Conference: ACL 2026
arXiv: 2604.21649
Code: https://github.com/mikumifa/GS-Quant (Available)
Area: Graph Learning / Knowledge Graph Completion / Quantization
Keywords: KGC, RQ-VAE, hierarchical clustering, codebook, LLM vocabulary expansion

TL;DR¶

GS-Quant quantizes Knowledge Graph (KG) entities into "coarse-to-fine" discrete code sequences. By constraining RQ-VAE with a hierarchical clustering tree, shallow codes encode global categories (e.g., "Person") while deep codes encode fine-grained attributes (e.g., "Artist"). A GPT-style decoder reconstructs both the entity and its ancestors to enforce causal dependencies among codes. These codes are subsequently added to the LLM vocabulary for LoRA fine-tuning, achieving a Hits@1 improvement of 2.2-2.4 points over the SOTA SSQR on WN18RR and FB15k-237.

Background & Motivation¶

Background: Knowledge Graph Completion (KGC) has branched into two main directions following the introduction of LLMs: (1) text-based methods linearize triples into natural language prompts (KICGPT, DIFT, KG-FIT, MKGL), which are readable but suffer from token explosion and disrupted graph topology; (2) embedding-based methods inject KG embeddings into the LLM latent space (TransE/RotatE + adapter), which is efficient but suffers from a modality mismatch between continuous embeddings and discrete tokens.

Limitations of Prior Work: (1) Text-based methods often consume hundreds of tokens per triple, making inference prohibitive on datasets like FB15k-237; (2) Embedding-based methods force holistic dense vectors into the LLM, but LLMs are essentially next-token sequence models that cannot leverage their autoregressive strengths on single-point embeddings; (3) Recent quantization methods (SSQR, ReaLM) target this by encoding entities into code sequences, yet codes remain flat numerical compressions—projecting an entity into 4 codes with no semantic hierarchical relationship, behaving more like hash signatures than a "language."

Key Challenge: Human reasoning and LLM generation both follow a coarse-to-fine hierarchical structure (classification followed by refinement). Existing quantization methods flatten all codes and retrieve them via Euclidean nearest neighbors, resulting in no hierarchy or causality among codes—preventing the LLM from distinguishing "categories" from "instances" within a sequence.

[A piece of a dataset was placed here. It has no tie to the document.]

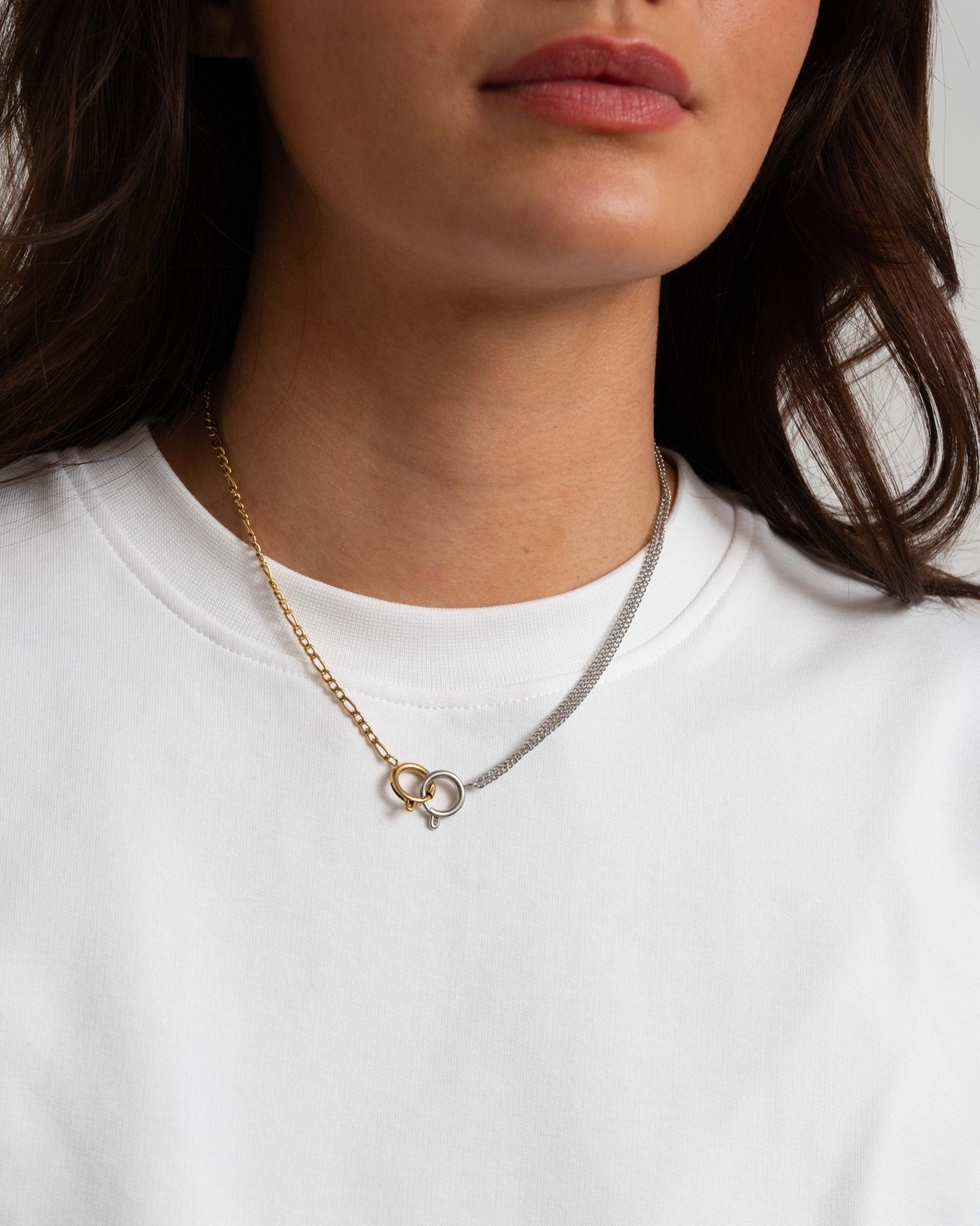 Minimalistische ketting met twee in elkaar verweven ringen, één in zilver en één in goud, aan bijpassende dubbele kettingen.

Goal: (1) Ensure that the quantized code sequences are semantically hierarchical—where shallow codes encode coarse-grained categories and deep codes encode fine-grained attributes; (2) Establish generative causal dependencies between codes rather than treating them as independent; (3) Demonstrate that such "structured codes" are more effective when integrated into the LLM vocabulary for KGC.

Key Insight: This work builds on RQ-VAE (Residual Quantization naturally possesses a numerical recursive hierarchy \(\mathbf{r}_{l+1} = \mathbf{r}_l - \mathbf{v}_{c_l}^l\)), but argues that numerical hierarchy alone is insufficient. It is necessary to explicitly inject semantic hierarchy. This is achieved by first building a hierarchy tree \(\mathcal{H}\) via agglomerative clustering on entity embeddings and then aligning each layer of RQ to the corresponding level of this tree.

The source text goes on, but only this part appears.